How to complete this task: Every line of the material below needs to be copied exactly; omit the pictures.

** Material provided follows **

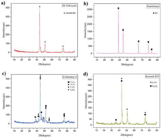 XRD of (a) SS 316 L, (b) aluminum, (c) Colmonoy-6, and (d) Inconel 625.
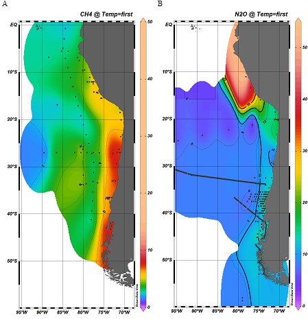 Figura 3. Distribución superficial de (A) metano (nM) y (B) óxido nitroso (nM) en la cuenca del Pacifico sur oriental, basada en datos de concentración de metano obtenido en diversos cruceros nacionales e internacionales. Se observa la diferencia en la concentración y distribución espacial del metano si la comparamos con modelos globales en Figura 2. Elaboración propia.
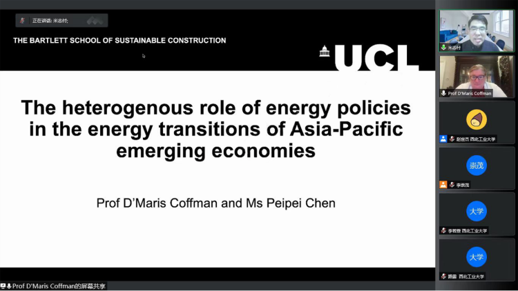 D'Maris Coffman现为伦敦大学公司可持续建筑公司经理、教授、博导,担任知名国际学术期刊编委。D'Maris Coffman教授近年来在气候变化和能源资源政策领域的研究成果,发表在国际顶级学术刊物上。本次研讨活动分享的主题是“The heterogeneous role of energy policies in the energy transition of Asia-Pacific emerging economies”。

** End of Material provided **

Solution:
 XRD of (a) SS 316 L, (b) aluminum, (c) Colmonoy-6, and (d) Inconel 625.
 Figura 3. Distribución superficial de (A) metano (nM) y (B) óxido nitroso (nM) en la cuenca del Pacifico sur oriental, basada en datos de concentración de metano obtenido en diversos cruceros nacionales e internacionales. Se observa la diferencia en la concentración y distribución espacial del metano si la comparamos con modelos globales en Figura 2. Elaboración propia.
 D'Maris Coffman现为伦敦大学公司可持续建筑公司经理、教授、博导,担任知名国际学术期刊编委。D'Maris Coffman教授近年来在气候变化和能源资源政策领域的研究成果,发表在国际顶级学术刊物上。本次研讨活动分享的主题是“The heterogeneous role of energy policies in the energy transition of Asia-Pacific emerging economies”。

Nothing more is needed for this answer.